Sun Wen-Tao, Xue Hong-Mei, Hou Hai-Tao, Chen Huan-Xin, Wang Jun, He Guo-Wei, Yang Qin
Center for Basic Medical Research & Department of Cardiovascular Surgery, TEDA International Cardiovascular Hospital, Chinese Academy of Medical Sciences & Peking Union Medical College, Tianjin, China.
School of Medicine, Nankai University, Tianjin, China.
Ann Transl Med. 2021 Apr;9(8):625. doi: 10.21037/atm-20-6821.
Hyperhomocysteinemia is an independent risk factor for atherosclerotic heart disease. We previously demonstrated that disruption of calcium-activated potassium (K) channel activity is involved in homocysteine-induced dilatory dysfunction of porcine coronary arteries. Recently we reported that the K channel family, including large-, intermediate-, and small-conductance K (BK, IK, and SK) subtypes, are abundantly expressed in human internal mammary artery (IMA). In this study, we further investigated whether homocysteine affects the expression and functionality of the K channel family in this commonly used graft for coronary artery bypass surgery (CABG).
Residual IMA segments obtained from patients undergoing CABG were studied in a myograph for the role of K subtypes in both vasorelaxation and vasoconstriction. The expression and distribution of K subtypes were detected by Western blot and immunohistochemistry.

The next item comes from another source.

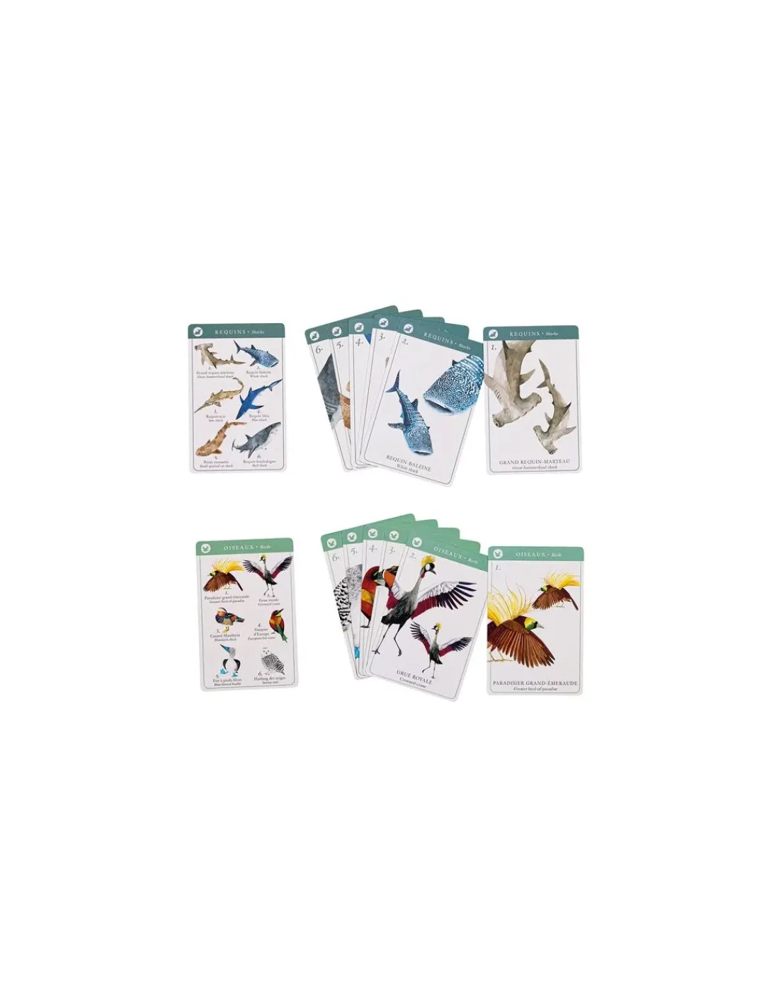 Partez à la découverte de la diversité animale à travers ce jeu de 7 familles revisité. Le but du jeu est de reconstituer le plus grand nombre de familles au complet.
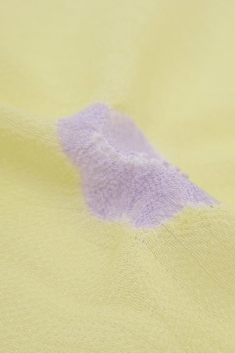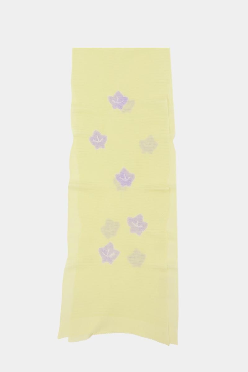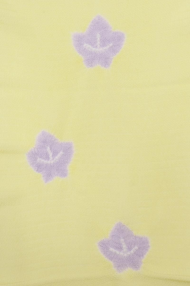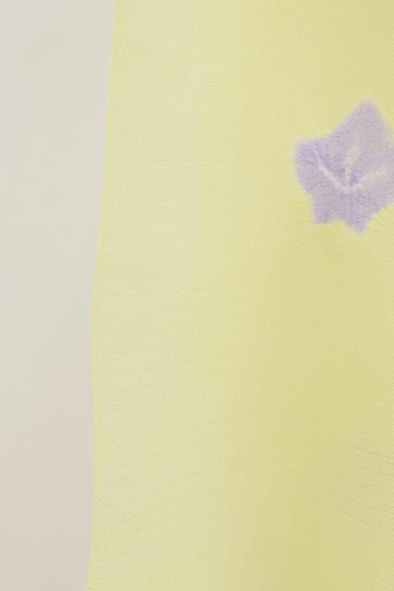 こちらは絽縮緬の地に、大らかな桔梗の花のかたちを散らした輪出し絞りのお品。胸元やお太鼓脇からちらりと覗く美しい彩りが、装いに優しい趣きを添えてくれますね。お色目は淡い黄色地に薄い紫色、装いを上品に引き立てる一枚です。飛び絞りならではのはんなりとした華をお楽しみ下さいませ。

Both the BK channel activator NS1619 and the IK/SK channel activator NS309 evoked significant IMA relaxation. Homocysteine exposure suppressed NS1619-induced relaxation whereas showed no influence on NS309-induced response. Blockade of BK but not IK and SK subtypes significantly suppressed acetylcholine-induced relaxation and enhanced U46619-induced contraction. Homocysteine compromised the vasodilating activity of the BK subtype in IMA, associated with a lowered protein level of the BK β1-subunit. Homocysteine potentiated the role of IK and SK subtypes in mediating endothelium-dependent relaxation without affecting the expression of these channels.
Homocysteine reduces the expression of BK β1-subunit and compromises the vasodilating activity of BK channels in IMA. Unlike BK, IK and SK subtypes are unessential for IMA vasoregulation, whereas the loss of BK functionality in hyperhomocysteinemia enhances the role of IK and SK subtypes in mediating endothelial dilator function. Targeting BK channels may form a strategy to improve the postoperative graft performance in CABG patients with hyperhomocysteinemia who receive IMA grafting.
高同型半胱氨酸血症是动脉粥样硬化性心脏病的独立危险因素。我们之前证明,钙激活钾(K)通道活性的破坏参与了同型半胱氨酸诱导的猪冠状动脉舒张功能障碍。最近我们报道,包括大电导、中电导和小电导K(BK、IK和SK)亚型在内的K通道家族在人乳内动脉(IMA)中大量表达。在本研究中,我们进一步研究了同型半胱氨酸是否影响这种常用于冠状动脉旁路移植术(CABG)的移植物中K通道家族的表达和功能。
从接受CABG的患者获取的残余IMA节段在肌动描记器中进行研究,以探讨K亚型在血管舒张和血管收缩中的作用。通过蛋白质印迹法和免疫组织化学检测K亚型的表达和分布。
BK通道激活剂NS1619和IK/SK通道激活剂NS309均引起IMA显著舒张。同型半胱氨酸暴露抑制了NS1619诱导的舒张,而对NS309诱导的反应无影响。阻断BK亚型而非IK和SK亚型可显著抑制乙酰胆碱诱导的舒张并增强U46619诱导的收缩。同型半胱氨酸损害了IMA中BK亚型的舒张活性,这与BKβ1亚基的蛋白水平降低有关。同型半胱氨酸增强了IK和SK亚型在介导内皮依赖性舒张中的作用,而不影响这些通道的表达。
同型半胱氨酸降低了IMA中BKβ1亚基的表达并损害了BK通道的舒张活性。与BK不同,IK和SK亚型对IMA血管调节并非必需,而高同型半胱氨酸血症中BK功能的丧失增强了IK和SK亚型在介导内皮舒张功能中的作用。针对BK通道可能形成一种策略,以改善接受IMA移植的高同型半胱氨酸血症CABG患者的术后移植物性能。